So, you’ve built a web service, and you’ve set your users up with the familiar system of a username and a password, so they can log in to their accounts. But how do you protect against all the ways that such a system can be attacked — for example, an attacker learning a user’s credentials and logging in as them, or spamming your system with common passwords until they get access? Maybe you’re worried about what could happen if one of your users’ computers is compromised by malware, or stolen.

Maybe you should let your users set up two-factor authentication for your service.

I don’t think he knows about MFA, Pip.

In its broadest interpretation, multi-factor authentication (often abbreviated to MFA, with 2FA specifically meaning two-factor authentication) means requiring multiple kinds of credentials during the authentication process. ‘Factors’ are things that an attacker would have to compromise in order to get into your system, and a password is an example of this. Of course, you have to require at least one factor from your users in order to have an authentication system at all, but you don’t need to stop there.

There are several common choices for extra authentication factors:

  • Proving that you have control of a given phone number by being able to read text messages sent to it
  • Using an authenticator mobile app, such as Google Authenticator or Duo Mobile, which will generate limited-time codes for you to type in
  • Proving physical ownership of a particular kind of hardware token, which could be either a ‘roaming authenticator’ like a Yubikey that connects to your laptop through USB or NFC, or a ‘platform authenticator’ built into your phone or computer

Of course, the more you require from your user during authentication, the more arduous the process of getting into your service is for them. And if you want your users to be using your service, you don’t want them to be put off by the effort of logging in. This is why a lot of systems opt only for one extra factor, for a total of two.

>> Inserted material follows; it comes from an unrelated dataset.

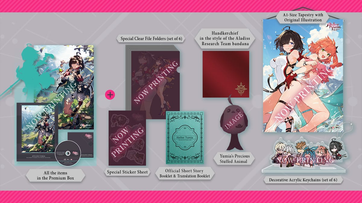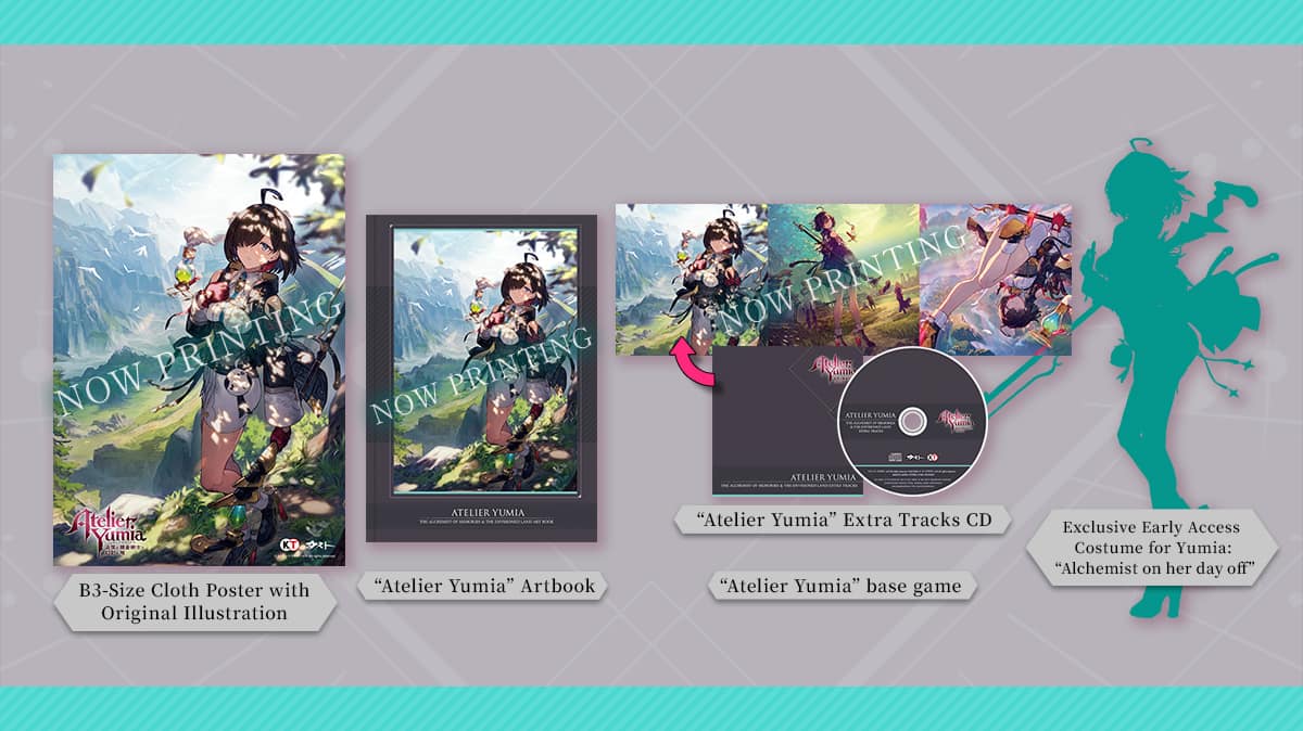 Atelier Yumia propose plusieurs bonus de précommande : un costume pour Yumia « L’acrobate des souvenirs », un costume pour Flammi « L’objet flottant des souvenirs » et l’équipement exclusif « Bande pour entraînement intensif ».

In this blog post, we’ll be looking specifically at how hardware authentication tokens work as a second factor, both from a security and usability point of view.

How does it work?

Let’s say we own a hardware authentication token. What we’d like to be able to do is to prove that we own that token, without giving away information that would let anyone else claim that they own it. We want to prove knowledge of some kind of secret, without giving away that secret. Luckily, there’s something that lets us do just that — public-key cryptography.

In public-key cryptography, a user has a pair of keys — one private, one public. They keep the private key secret, and tell everyone their public key. To prove their identity, the users uses the private key to “sign” some arbitrary message and the public key allows anyone else to verify that signature. This means that anyone with the public key can know, with very high confidence, that the user knows the private key — since they must have used it to sign the message — without that user needing to disclose that key.

So what is a hardware authentication token? Essentially, it’s a physical object that contains a private key built into it, and uses that for public-key cryptography over the web. A typical authentication flow looks something like this:

  1. The user visits a web service on their device and begins the login process.
  2. The service prompts the user to authenticate themself using their hardware token by issuing a ‘challenge’, which is a message containing information about the service along with a random number.
    (If the user is using a roaming authenticator, this is the point at which they need to connect it via USB, NFC, Bluetooth, or similar).
  3. The user’s device sends this authentication challenge to the hardware token.
  4. The hardware token prompts the user for an authorization gesture, such as scanning a fingerprint, pressing a button, or entering a PIN.
  5. Assuming the authorization gesture is valid, the token signs the challenge using its private key, and sends that back as a response to the user’s device.
  6. The device returns the token’s response to the web service.
  7. The web service recognises the response as being signed by the correct private key, and that it contains the random number the web service sent earlier.
  8. The web service authenticates the user.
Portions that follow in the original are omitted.